WHAT IS BEING ASKED → Below are records; the lines starting at the one with "ESCADA VINTAGE WOOD (Natural Interior)" and ending at the one with "scene 07 post production" must be reproduced exactly, both included. Pictures must not appear.

SUPPLIED RECORDS →
▬▬▬▬▬▬

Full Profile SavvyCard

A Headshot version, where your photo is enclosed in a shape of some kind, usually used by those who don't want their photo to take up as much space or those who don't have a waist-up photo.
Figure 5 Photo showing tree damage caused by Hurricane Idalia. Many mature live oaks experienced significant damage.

▬▬▬▬▬▬

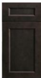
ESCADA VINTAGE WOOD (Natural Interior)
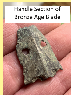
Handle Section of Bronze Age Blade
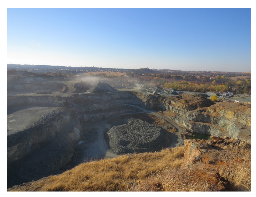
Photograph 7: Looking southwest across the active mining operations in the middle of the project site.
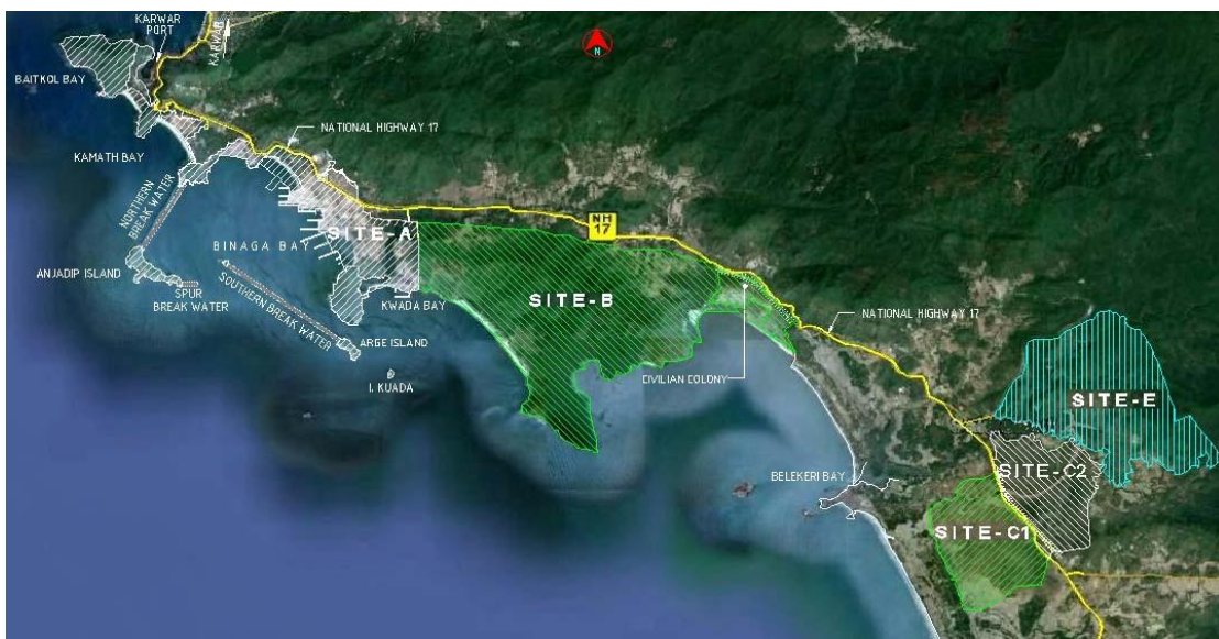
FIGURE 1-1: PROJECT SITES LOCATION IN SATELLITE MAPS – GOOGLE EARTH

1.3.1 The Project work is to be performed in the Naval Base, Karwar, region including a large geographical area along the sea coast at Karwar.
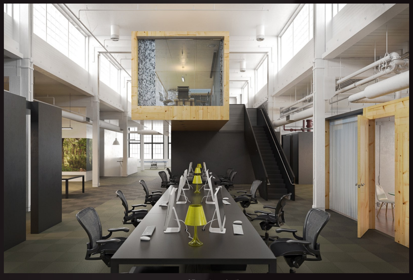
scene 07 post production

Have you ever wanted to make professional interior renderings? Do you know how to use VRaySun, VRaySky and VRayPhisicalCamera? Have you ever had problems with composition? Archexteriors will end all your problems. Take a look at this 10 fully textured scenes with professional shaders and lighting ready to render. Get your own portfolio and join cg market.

▬▬▬▬▬▬

SOLUTION TO THIS EXERCISE →
ESCADA VINTAGE WOOD (Natural Interior)
Handle Section of Bronze Age Blade
Photograph 7: Looking southwest across the active mining operations in the middle of the project site.
FIGURE 1-1: PROJECT SITES LOCATION IN SATELLITE MAPS – GOOGLE EARTH

1.3.1 The Project work is to be performed in the Naval Base, Karwar, region including a large geographical area along the sea coast at Karwar.
scene 07 post production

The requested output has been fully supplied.